DayFR Euro

Payroll figures

Wayne Cole provides an update on European and global markets for the day ahead.

It was a quiet start to the month, with public holidays in the United States and Canada reducing liquidity ahead of a deluge of data that will culminate in the release of U.S. jobs figures on Friday. Wall Street and European stock futures were little changed.

Asian PMIs for August were decent, with China’s Caixin index hitting 50.4, beating expectations of 50.0, although it also showed the first decline in new export orders in eight months. Chinese stocks continued to fall, however, as losses in the property sector weighed.

Japan’s PMI also improved to 49.8, as business investment accelerated in the second quarter. Markets continue to bet that the Bank of Japan will hesitate to raise rates in October, although the meeting is at the end of the month and there will be plenty more data under the bridge by then. As long as the Nikkei doesn’t collapse, the BOJ may want to get back on track to normalize policy.

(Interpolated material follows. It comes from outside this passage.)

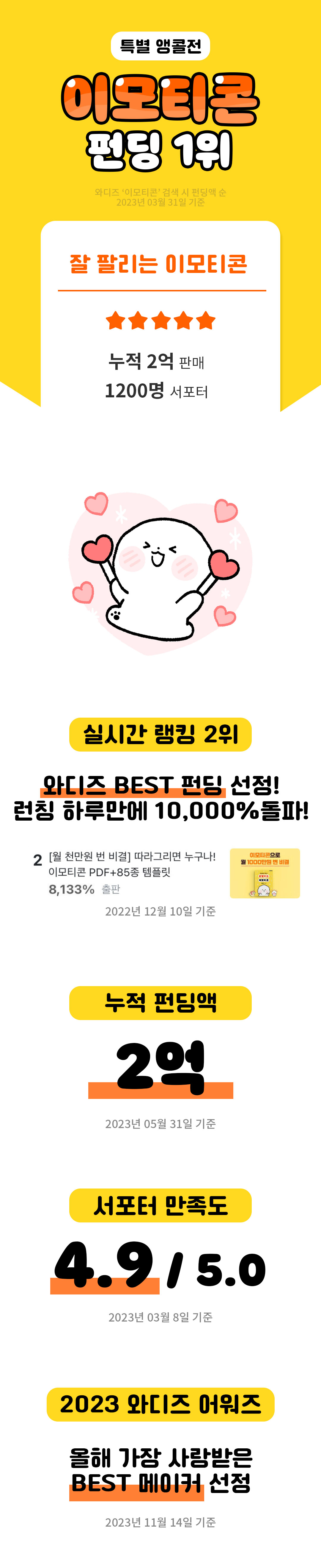 이번 프리오더는 이와 같은 경험을 바탕으로 저와 같은 시행착오 없이 이모티콘 제작 경험이 없으신 분들도 따라오실 수 있도록 처음부터 1위를 하며 잘된 케이스가 아닌 이모티콘 시장 초창기부터 7년 간 다양한 컨셉으로 도전하며  인기순위를 역주행했던  저만의 경험과 기왕 창작하는 이모티콘으로 일러스트, 애니메이션  등 캐릭터 브랜딩을 통해 더 많은 수익을 창출할 수 있었으면 하는 마음을 더해 만들어졌습니다.

As for the Fed, markets are betting that the size of the September rate cut could hinge on the payrolls report, given that Chairman Powell has been adamant that he does not want to see further weakness in the labor market.

A result in line with forecasts of +165,000 and 4.2% would further reduce the chances of a 50 basis point cut, although it would take an extraordinarily strong report for markets to abandon the 25 basis point idea.

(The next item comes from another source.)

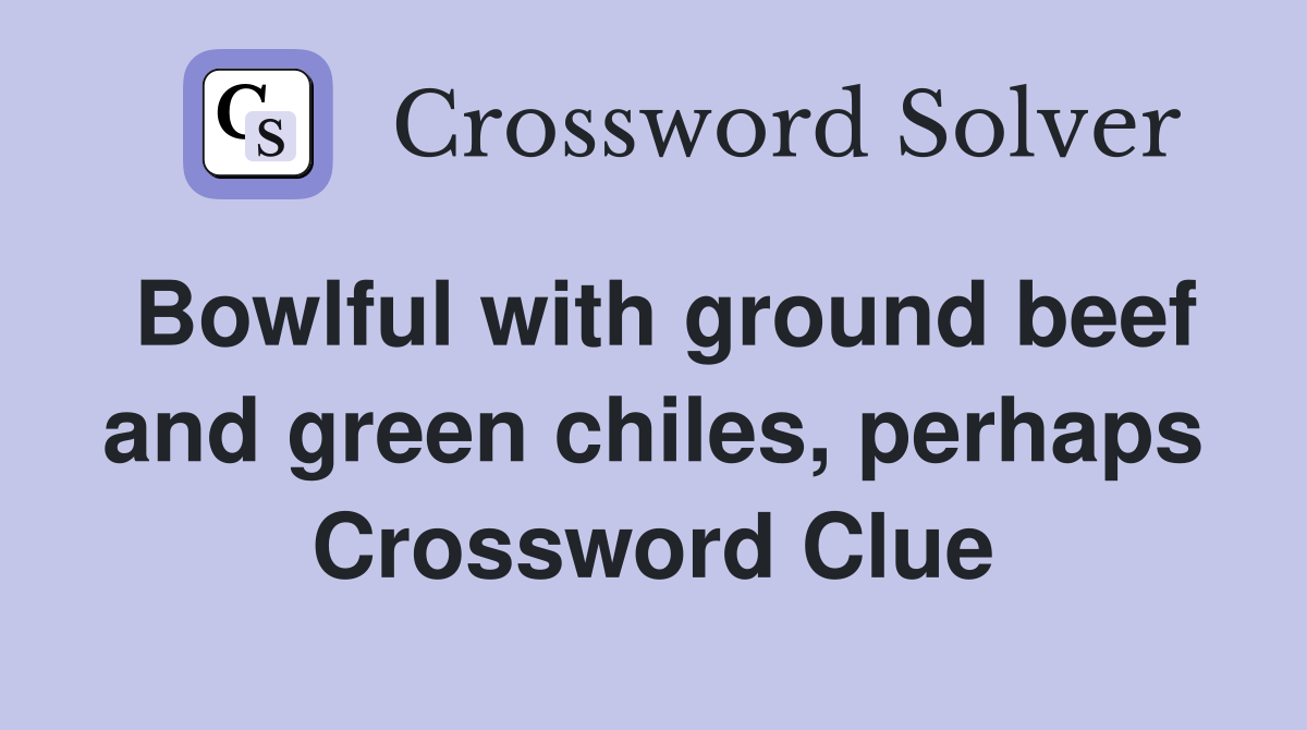 Bowlful with ground beef and green chiles perhaps Crossword Clue

Forecasts range from +100,000 to +208,000 and from 4.1% to 4.4%, and anything resembling the latter would reignite recession talk and prompt investors to call for a half-point cut in rates. Futures are at 100% for 25 basis points and 31% for 50 basis points.

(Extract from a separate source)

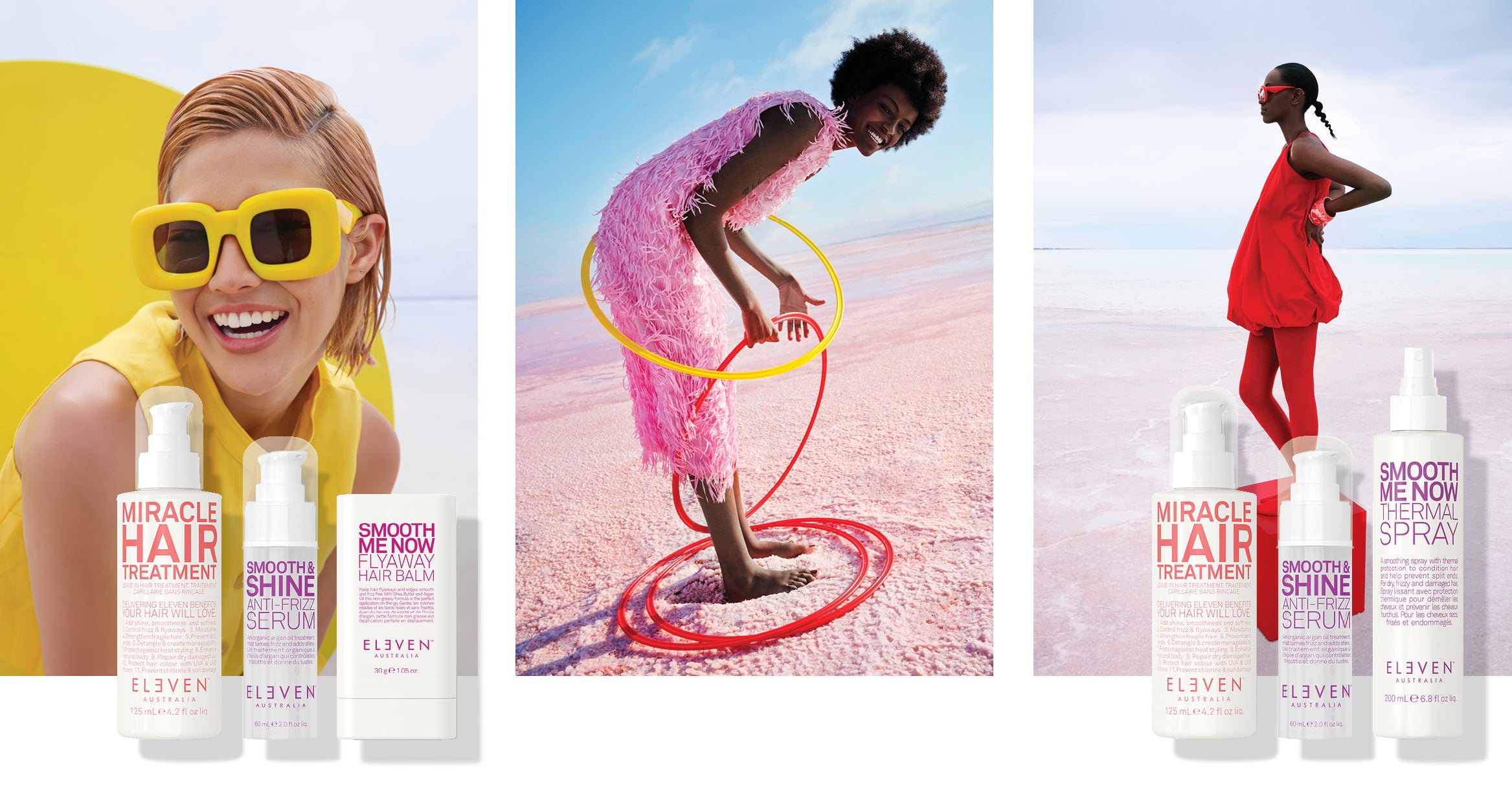 Ez a kampány bemutatja az ELEVEN Australia termékeinek sokoldalúságát és hatékonyságát, minden frizurát a márka ikonikus Miracle Hair Treatment termékével indítva. Ez a többfunkciós hajápoló hidratál, fényt ad, és UVA- és UVB-szűrőivel védi a hajat – akár egy naptej, csak éppen a hajnak. Tökéletes választás a kemény ausztrál napsütés elleni védelemhez a kültéri fotózások során.

Fed Governor Christopher Waller and New York Fed President John Williams will speak after the jobs figures are released, allowing the market to react almost instantly.

ISM surveys, JOLTS and ADP payrolls, trade and the Fed’s Beige Book will also be important this week.

The Bank of Canada is expected to cut rates on Wednesday, with markets pricing in a 22% chance it will cut rates by 50 basis points, given signs of economic stagnation in July.

In currencies, the euro was not helped by the victory of far-right parties in German regional elections, which added a new layer of political uncertainty over the fate of the EU. The euro is stuck at $1.1050, with support at $1.0948. The dollar edged down to 146.00 yen, after hitting a high of 146.60.

Key developments that could influence markets on Monday:

– S&P Global PMIs for Germany, France, UK and EU

– Introductory statement by Claudia Buch, ECB Banking Supervisor, at the hearing of the European Parliament’s Committee on Economic and Monetary Affairs.